======== DATA EXTRACT ========

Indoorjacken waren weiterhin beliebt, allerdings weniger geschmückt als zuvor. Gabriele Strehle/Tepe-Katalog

========
======== DATA EXTRACT ========

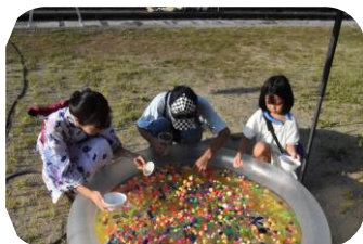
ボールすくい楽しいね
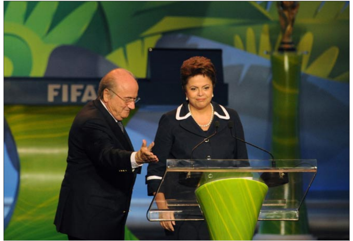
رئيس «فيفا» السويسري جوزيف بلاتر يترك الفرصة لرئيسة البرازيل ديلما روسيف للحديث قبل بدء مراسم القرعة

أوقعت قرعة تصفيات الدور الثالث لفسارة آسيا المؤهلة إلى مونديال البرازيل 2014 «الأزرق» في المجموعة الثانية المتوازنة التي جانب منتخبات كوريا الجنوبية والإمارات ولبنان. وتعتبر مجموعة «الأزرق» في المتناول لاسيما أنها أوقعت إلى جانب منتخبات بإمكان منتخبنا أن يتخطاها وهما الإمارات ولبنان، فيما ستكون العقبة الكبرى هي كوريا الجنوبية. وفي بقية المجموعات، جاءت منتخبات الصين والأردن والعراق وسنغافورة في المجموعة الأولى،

========

• [PROBLEM TO SOLVE]: Output only an exact transcription of the lines above from the one with "بدء مراسم القرعة" up to and including the one with "أوقعت قرعة تصفيات".

• [WRITTEN ANSWER]:
رئيس «فيفا» السويسري جوزيف بلاتر يترك الفرصة لرئيسة البرازيل ديلما روسيف للحديث قبل بدء مراسم القرعة

أوقعت قرعة تصفيات الدور الثالث لفسارة آسيا المؤهلة إلى مونديال البرازيل 2014 «الأزرق» في المجموعة الثانية المتوازنة التي جانب منتخبات كوريا الجنوبية والإمارات ولبنان. وتعتبر مجموعة «الأزرق» في المتناول لاسيما أنها أوقعت إلى جانب منتخبات بإمكان منتخبنا أن يتخطاها وهما الإمارات ولبنان، فيما ستكون العقبة الكبرى هي كوريا الجنوبية. وفي بقية المجموعات، جاءت منتخبات الصين والأردن والعراق وسنغافورة في المجموعة الأولى،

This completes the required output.